■ PROBLEM DETAILS: Omit the images, then repeat the listing exactly.

■ COLLECTED MATERIAL:
--------

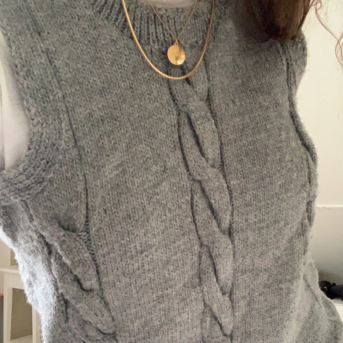 Den perfekta ”chunky sweater vest” som går att ha över exempelvis en klänning nu i sommar 🥰 Ingen lapp men skulle säga att den passar XS-M (ev mindre L). Frakt tillkommer! ✨
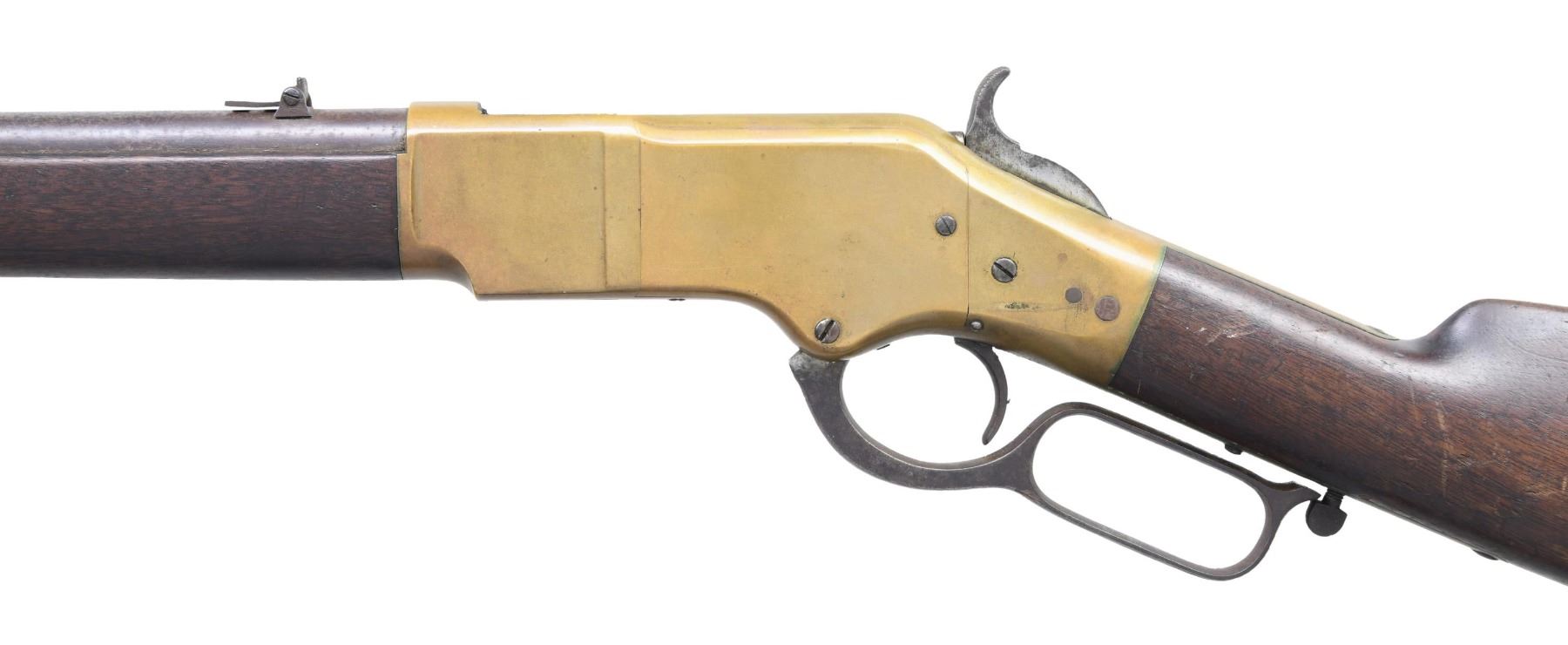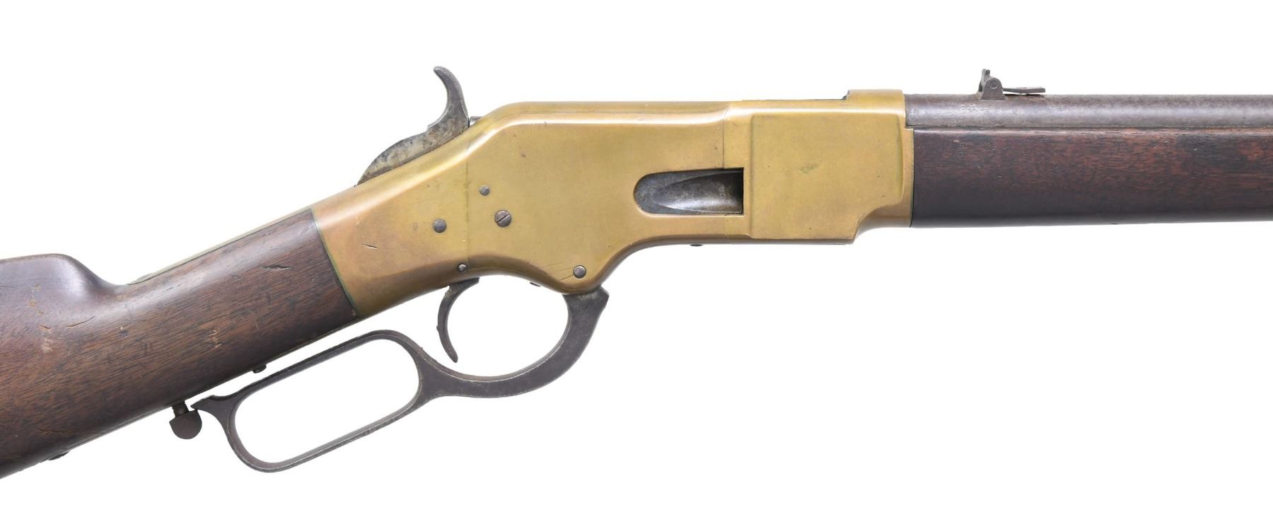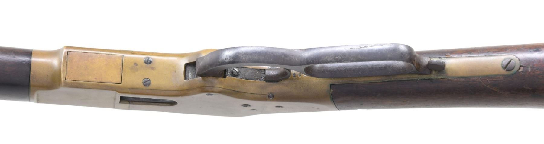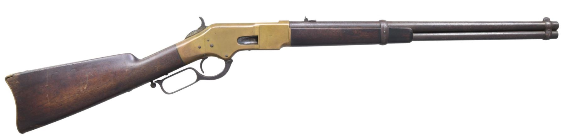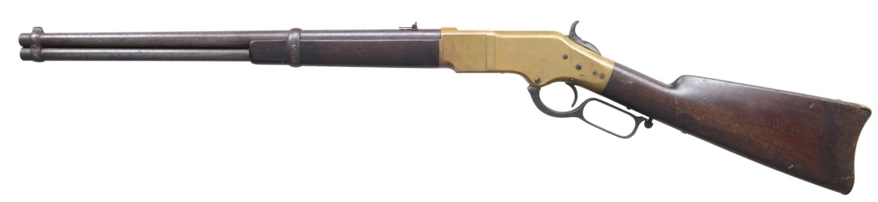 Cal. 44. S# 126801. Standard configuration of the classic "yellow boy" Winchester 1866 Lever Action Saddle Ring Carbine manufactured in 1876. This survivor is well above average, all original, 20" round barrel with full magazine tube, 2-line "Kings's Improvement" address, two position folding rear sight, integral blade front sight attached to barrel band, saddle ring has been removed flush to the frame, straight grain walnut stock, brass buttplate with trap for cleaning rod which is missing one of three pieces. All in all, a very attractive Winchester 1866 carbine made at the height of western cowboy history. UNATTACHED ACCESSORIES: Cody Firearms search form showing date S# applied November 28, 1875, and shipped April 1, 1876. CONDITION: very good overall, smooth light mustard patinaed brass frame, barrel has mottled brown/gray patina, barrel address is crisp, stock is sound & well fit with small gap at top of butt plate, scattered cosmetic scratches & dings. Mechanics are fine, good rifled bore. (01-26397/JS). ANTIQUE. $3,000-5,000.
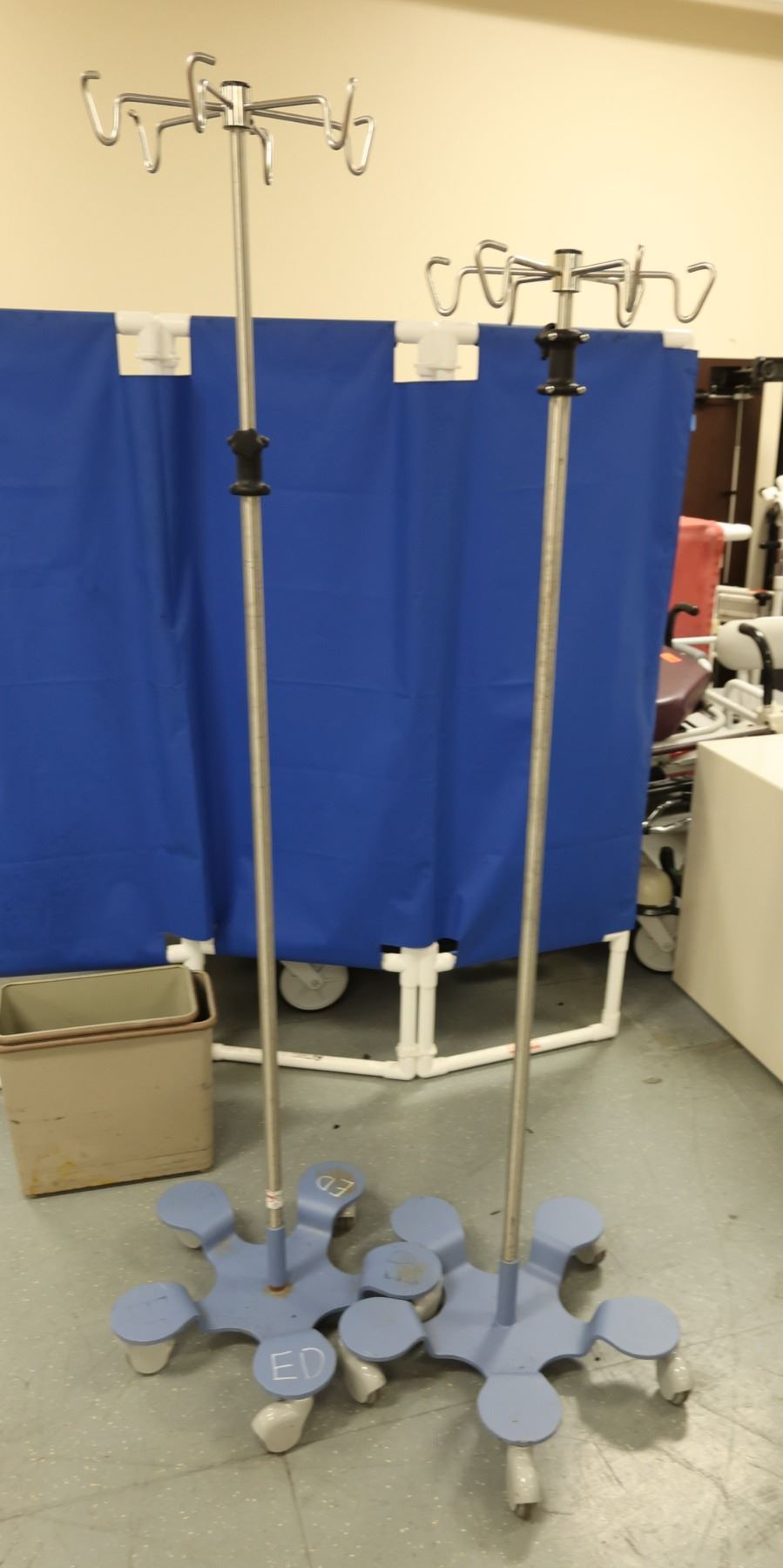 Qty 2 Rolling Medical Equipment IV Pole Stands.

--------

■ RESPONSE:
 Den perfekta ”chunky sweater vest” som går att ha över exempelvis en klänning nu i sommar 🥰 Ingen lapp men skulle säga att den passar XS-M (ev mindre L). Frakt tillkommer! ✨
 Cal. 44. S# 126801. Standard configuration of the classic "yellow boy" Winchester 1866 Lever Action Saddle Ring Carbine manufactured in 1876. This survivor is well above average, all original, 20" round barrel with full magazine tube, 2-line "Kings's Improvement" address, two position folding rear sight, integral blade front sight attached to barrel band, saddle ring has been removed flush to the frame, straight grain walnut stock, brass buttplate with trap for cleaning rod which is missing one of three pieces. All in all, a very attractive Winchester 1866 carbine made at the height of western cowboy history. UNATTACHED ACCESSORIES: Cody Firearms search form showing date S# applied November 28, 1875, and shipped April 1, 1876. CONDITION: very good overall, smooth light mustard patinaed brass frame, barrel has mottled brown/gray patina, barrel address is crisp, stock is sound & well fit with small gap at top of butt plate, scattered cosmetic scratches & dings. Mechanics are fine, good rifled bore. (01-26397/JS). ANTIQUE. $3,000-5,000.
 Qty 2 Rolling Medical Equipment IV Pole Stands.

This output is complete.